An issue which causes a great deal of confusion here is a joint purpose that the URD has developed. From an engineering perspective, the URD must be a living document, but from the commercial and legal perspective it takes the place of a reference document for the duration of the project. The two objectives are quite distinct. When they are confused, we get the spectacle of engineers, unfamiliar with legal knowledge (such as it is) trying to write clauses out of `A Day at the Races', while crucial issues of the business process go unexamined.

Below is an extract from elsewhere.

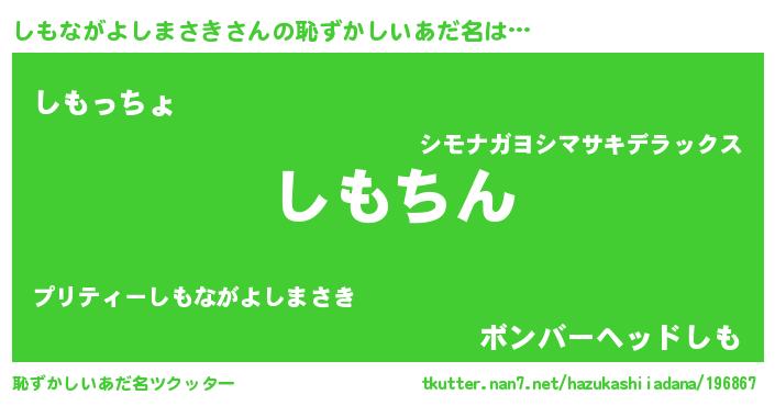 | ヘコむあだ名 | 『しもながよしまさき(笑)』『つくし』 |

Sometimes the only way out of this is to have two documents. One specifies the contractual minimum, and may well be written solely by the customer, as some methodologies suggest. The other is a living, internal document that tells us what would `delight the customer'. It is what we are trying to aim for on his behalf. How can we delight the customer if the only clue we have to how to do this is a something that will serve our commercial colleagues well in a court of law? The extent to which the customer should have visibility of the `real URD ' depends on commercial circumstances.

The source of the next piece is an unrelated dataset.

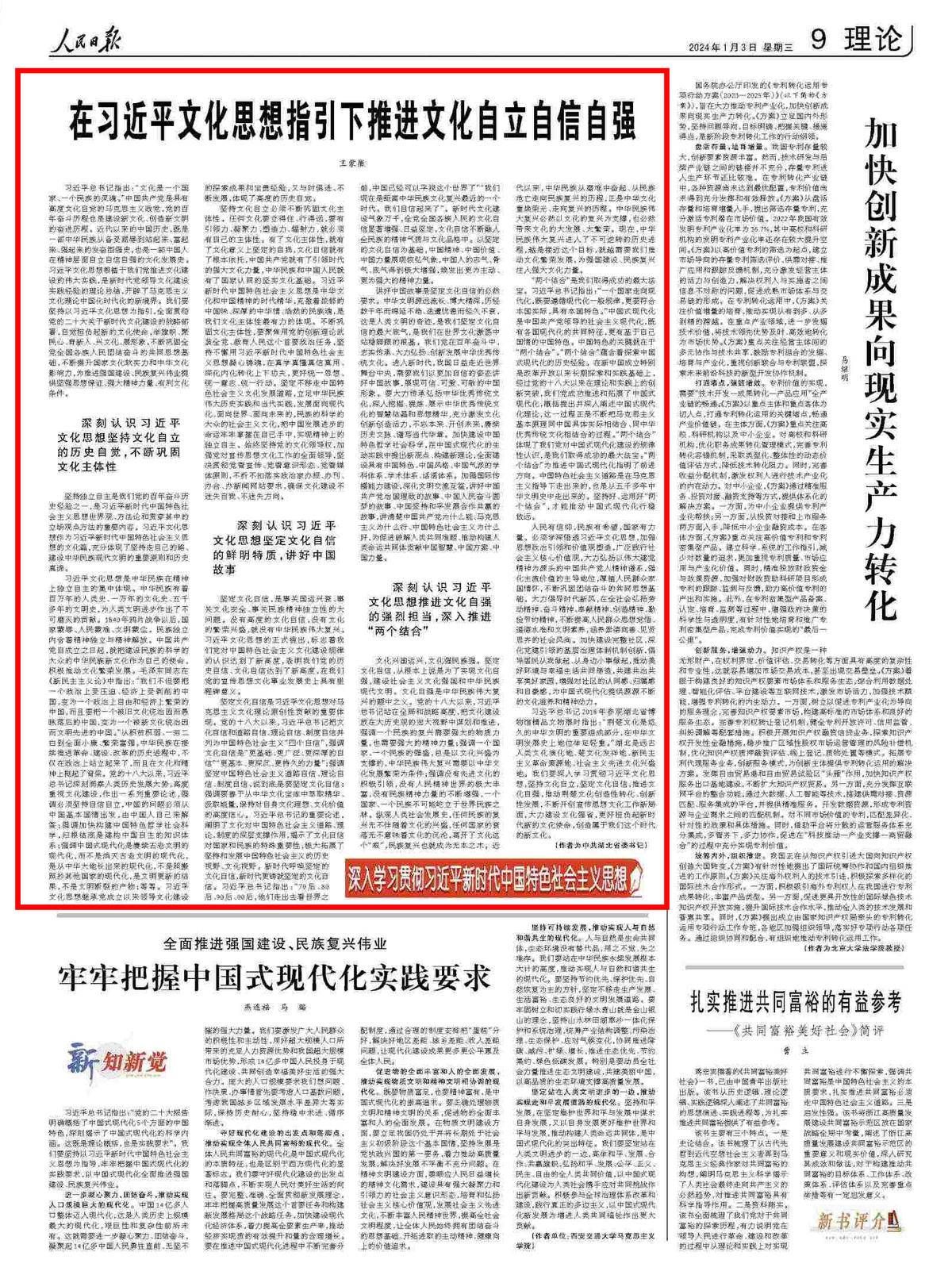人民日報(bào)刊發(fā)王蒙徽署名文章:在習(xí)近平文化思想指引下推進(jìn)文化自立自信自強(qiáng)

Be very careful of `integrated feature tracking environments' that purport to capture your URD and track its clauses through design, into code, and through to test case. Such environments often forget that requirements can be met by not doing something, that several requirements may be implemented across several code segments, without any direct mapping between requirement and segment, and that it is hard to test for perfectly reasonable general requirements with specific test cases. This is not to say such tools have no use - for tasks like configuration and datafill they work perfectly. One could even track the features of a specified group of classes for GUI manipulation. But for general `user level' black-box requirements they either distort what can be expressed in the URD, or impose a style of development that encourages long hand coding of individual features instead of performing abstractions wherever possible.

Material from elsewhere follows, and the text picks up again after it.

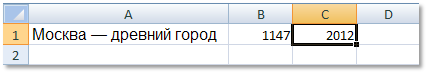 1.4. В ячейку В1 занесите число 1147 (это год основания Москвы). В ячейку С1 занесите число – текущий год:

Where the URD describes the needed system in the user's language, the SRD describes it in the engineer's. It is in this document that system sizing calculations can first appear. Particularly with modern object methodologies, the need for an SRD has been reduced, because the architecture will consist of pragmatic classes that have a clear relationship with the language of the URD . In this situation, the SRD and ADD can be combined.
Sculptors are told to think of the completed work as residing within the block of stone or wood they are carving. It helps. In the same way, we can imagine ourselves looking over our user's shoulder, one day in the future, when our design has been delivered. As we watch them using the features of the system, we can ask ourselves, `How must that have been implemented?' A software engineer's description of the user's needs is then easy to capture.
It is in doing the work captured in the ADD that the hard work of a design has to be done. It is also in the ADD that the greatest opportunity to fudge it exists. While we deliberately omit design detail from the ADD, sometimes so as to retain portability, sometimes just to avoid clouding the big picture, we must still be convinced that our design is in fact implementable. The engineer should know of at least one acceptable way to implement each feature before calling for it, and should have thought about the conceptual integrity of the collection of all the code required to implement the features.
The proposition that architectural design should not consider detailed design, we suggest is misguided. If we cannot consider implementation, we can't be very good engineers, because any fool can design the unbuildable. It is by considering implementation that we discover the limitations of our designs and learn the difference between good and bad. We are able to see alternatives, compare them and select the best. If we cannot consider implementational reality, one design is as good as another, and this critical stage of cognition becomes a typing exercise to see how fast one can `write the document', and never mind what is written!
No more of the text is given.